→ Description of the task
The pictures in the listing below are to be skipped, while the lines between the line holding "今日の給食は,「ごはん・牛乳" and the line holding "to 100 percent.", inclusive, are to be output exactly.

→ Excerpted records
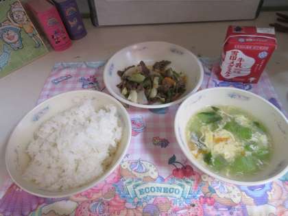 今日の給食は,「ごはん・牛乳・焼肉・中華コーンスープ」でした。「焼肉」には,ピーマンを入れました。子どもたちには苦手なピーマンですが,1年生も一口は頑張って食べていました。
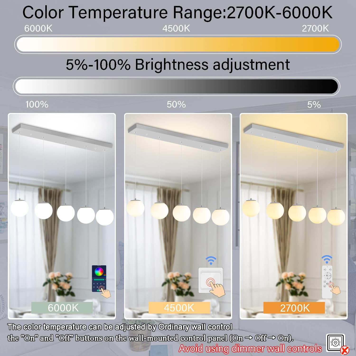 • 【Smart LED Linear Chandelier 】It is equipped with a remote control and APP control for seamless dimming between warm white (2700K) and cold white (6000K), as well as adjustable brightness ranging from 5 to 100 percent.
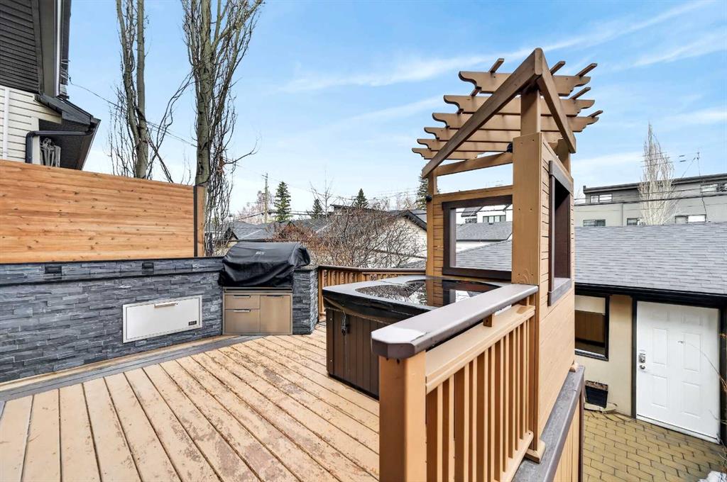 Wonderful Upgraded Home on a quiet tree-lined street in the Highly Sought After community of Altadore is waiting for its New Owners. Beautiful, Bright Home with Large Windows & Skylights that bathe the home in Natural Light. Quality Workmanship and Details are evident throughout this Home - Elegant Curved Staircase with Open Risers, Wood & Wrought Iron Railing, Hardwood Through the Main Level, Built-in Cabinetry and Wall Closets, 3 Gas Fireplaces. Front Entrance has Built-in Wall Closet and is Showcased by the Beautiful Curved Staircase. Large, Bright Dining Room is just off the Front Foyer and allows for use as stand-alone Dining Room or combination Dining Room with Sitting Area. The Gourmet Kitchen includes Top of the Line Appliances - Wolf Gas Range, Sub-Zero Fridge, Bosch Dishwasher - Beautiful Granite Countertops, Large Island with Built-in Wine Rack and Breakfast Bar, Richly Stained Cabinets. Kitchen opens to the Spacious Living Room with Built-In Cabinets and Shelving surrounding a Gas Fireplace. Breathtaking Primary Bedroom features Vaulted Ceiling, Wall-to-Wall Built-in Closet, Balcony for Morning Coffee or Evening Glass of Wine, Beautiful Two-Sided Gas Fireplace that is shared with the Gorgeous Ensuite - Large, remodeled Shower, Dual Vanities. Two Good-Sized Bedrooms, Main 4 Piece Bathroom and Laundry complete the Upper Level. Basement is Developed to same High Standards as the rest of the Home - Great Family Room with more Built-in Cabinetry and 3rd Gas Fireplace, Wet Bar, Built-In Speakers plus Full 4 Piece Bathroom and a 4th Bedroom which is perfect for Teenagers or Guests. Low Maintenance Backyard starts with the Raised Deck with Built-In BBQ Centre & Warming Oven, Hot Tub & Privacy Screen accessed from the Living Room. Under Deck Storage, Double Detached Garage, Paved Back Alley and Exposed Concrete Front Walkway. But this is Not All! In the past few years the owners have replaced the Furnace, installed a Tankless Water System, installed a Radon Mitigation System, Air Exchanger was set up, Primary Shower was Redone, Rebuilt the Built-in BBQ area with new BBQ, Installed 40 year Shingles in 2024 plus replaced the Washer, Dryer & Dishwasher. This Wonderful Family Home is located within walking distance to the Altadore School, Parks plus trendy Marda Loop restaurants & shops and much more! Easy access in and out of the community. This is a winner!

...

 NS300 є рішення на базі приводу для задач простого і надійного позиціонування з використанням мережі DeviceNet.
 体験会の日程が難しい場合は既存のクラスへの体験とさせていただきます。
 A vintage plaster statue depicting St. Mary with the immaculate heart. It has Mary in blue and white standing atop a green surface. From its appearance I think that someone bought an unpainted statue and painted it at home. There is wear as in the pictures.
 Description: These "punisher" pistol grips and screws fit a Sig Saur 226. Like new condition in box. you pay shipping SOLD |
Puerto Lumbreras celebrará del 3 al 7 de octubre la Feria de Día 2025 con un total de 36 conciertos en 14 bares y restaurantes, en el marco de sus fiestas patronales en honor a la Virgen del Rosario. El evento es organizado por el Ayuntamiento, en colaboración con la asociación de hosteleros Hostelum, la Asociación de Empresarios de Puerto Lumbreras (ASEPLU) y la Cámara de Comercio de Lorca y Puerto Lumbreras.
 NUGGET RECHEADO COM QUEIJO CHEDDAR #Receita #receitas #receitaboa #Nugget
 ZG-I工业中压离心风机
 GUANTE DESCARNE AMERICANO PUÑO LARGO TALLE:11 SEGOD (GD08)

--

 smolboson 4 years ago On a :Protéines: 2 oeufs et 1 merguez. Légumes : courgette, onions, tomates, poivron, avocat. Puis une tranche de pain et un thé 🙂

→ Solution for this task
 今日の給食は,「ごはん・牛乳・焼肉・中華コーンスープ」でした。「焼肉」には,ピーマンを入れました。子どもたちには苦手なピーマンですが,1年生も一口は頑張って食べていました。
 • 【Smart LED Linear Chandelier 】It is equipped with a remote control and APP control for seamless dimming between warm white (2700K) and cold white (6000K), as well as adjustable brightness ranging from 5 to 100 percent.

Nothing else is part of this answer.